Researchers at the National Oceanic and Atmospheric Administration and the United Kingdom’s Met Office said 2020 was the second-hottest on record, while scientists at NASA and the European Union’s Copernicus program said the year tied with 2016 for the hottest on record.

Temperatures in the northern hemisphere were 2.3 degrees above the 20th-century average, according to NOAA’s analysis. For Colorado, the climate is trending drier and hotter and that likely means more drought and wildfires, and less snow, said Robert Field, a research scientist at NASA’s Goddard Space Flight Center.

“Snowpack almost universally over the western U.S., over the Rockies, has decreased because of those warmer temperatures and the absence of compensating snowfall over the winter,” Field said.

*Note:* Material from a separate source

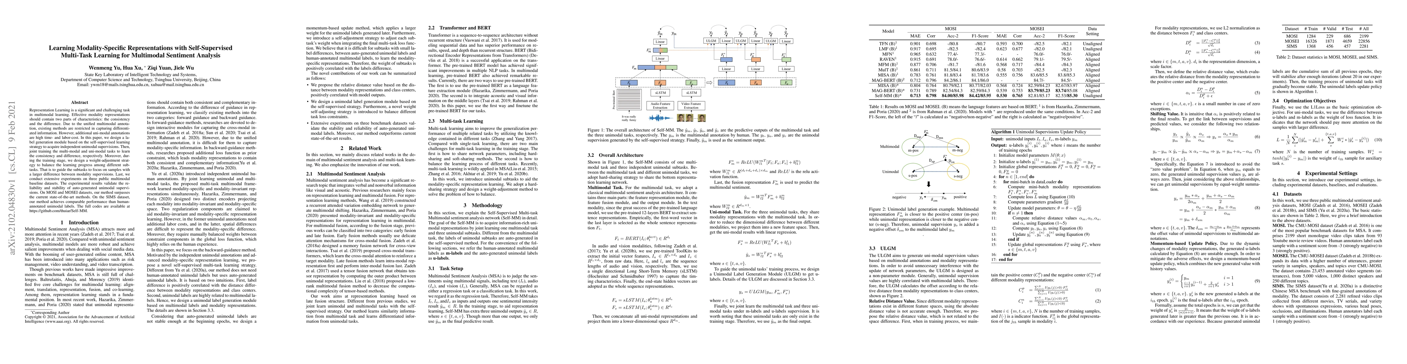 This paper proposes a self-supervised multi-task learning approach to learn modality-specific representations for multimodal sentiment analysis, achieving state-of-the-art performance on three public datasets.
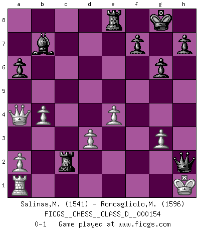 Last move : 0-1 2010 October 30 0:43:57 [Event "FICGS__CHESS__CLASS_D__000154"] [Site "FICGS"] [Date "2010.07.27"] [Round "1"] [White "Salinas,Marcelo"] [Black "Roncagliolo,Marco"] [Result "0-1"] [WhiteElo "1541"] [BlackElo "1596"] 1.e3 g6 2.Qg4 Bg7 3.Bc4 d5 4.Bb5+ c6 5.Qb4 cxb5 6.Qxb5+ Nc6 7.Nf3 Nf6 8.Nd4 Qc7 9.Nxc6 bxc6 10.Qc5 O-O 11.d3 e5 12.Nc3 Nd7 13.Qb4 Rb8 14.Qe7 Bb7 15.Qa3 a6 16.b4 d4 17.Ne4 Nf6 18.exd4 Nxe4 19.dxe4 exd4 20.Qd3 Rfe8 21.O-O c5 22.Re1 c4 23.Bf4 Qxf4 24.Qxc4 d3 25.cxd3 Bxa1 26.Rxa1 Rbc8 27.g3 Qd2 28.Qb3 Rc2 29.Qa4 Qxf2+ 30.Kh1 Qxh2+ 0-1 Van't Kruijs Opening Kingside Castling by player Black (move 10) Kingside Castling by player White (move 21) Player Black won this chess game. Follow this game move after move (download)Kasparov : J'adoube , Ivanchuk : S'il vous plaît ! (Garry Kasparov & Vassily Ivanchuk, Linares 1997) Wie ich sie so einen nach dem anderen nieder mähte wurde meine Überlegenheit offensichtlich. (José Raúl Capablanca) Nos gusta pensar. (Gary Kasparov) Les échecs c'est le défi de l'alpiniste, toujours plus haut, prêt à tout pour monter à l'assaut du Roi ennemi. Les échecs, c'est de la musique en mouvement, un ballet majestueux pour les yeux. C'est de la poésie composée par les fantômes du passé qui au même titre que Rimbaud ou Verlaine méritent notre admiration. Les échecs, c'est de la peinture ou le moindre mouvement modifie le tableau pour en faire un Picasso ou un Van Gogh. Les échecs, c'est tout et rien, c'est la vie et la mort. Jjulie33 sur le forum de France-Echecs. Optimism is a variety of information deficit. Sometimes especially true for correspondence chess games. (Michael Aigner)

Courtesy NOAA Climate.gov, using NOAA NCEI data
A month-by-month animation of temperatures for January through December 2020 compared to the 1981–2010 average, with warm anomalies (difference from the average temperature) of some areas in red and cool anomalies in blue. The final slide shows the 2020 average.

The country's air quality has generally improved in recent decades, but the trend is worsening for northwestern states due to wildfires, Fields said. The fires create hazardous smoke and airborne particles that are harmful to the lungs and circulatory system.

Over the last decade, warming temperatures in Colorado have fueled destructive events, including the largest wildfires in state history. Global warming is also likely to continue driving unusual weather events, including severe temperature swings, periods of extreme rainfall and storms packing damaging winds like the state's rare derecho that occurred in June 2020.

Beyond Colorado, the warming contributed to record-high sea surface temperatures and one of the most active tropical storm seasons in history, NOAA scientists said.

Fields said the climate analysis paints a dire picture of life in a warming world, but he’s encouraged by new data on renewable energy that shows it could significantly decrease carbon emissions. 

“It will take a Herculean effort to turn the ship around, but it can always be done,” he said. “Any reduction in emissions is an improvement.”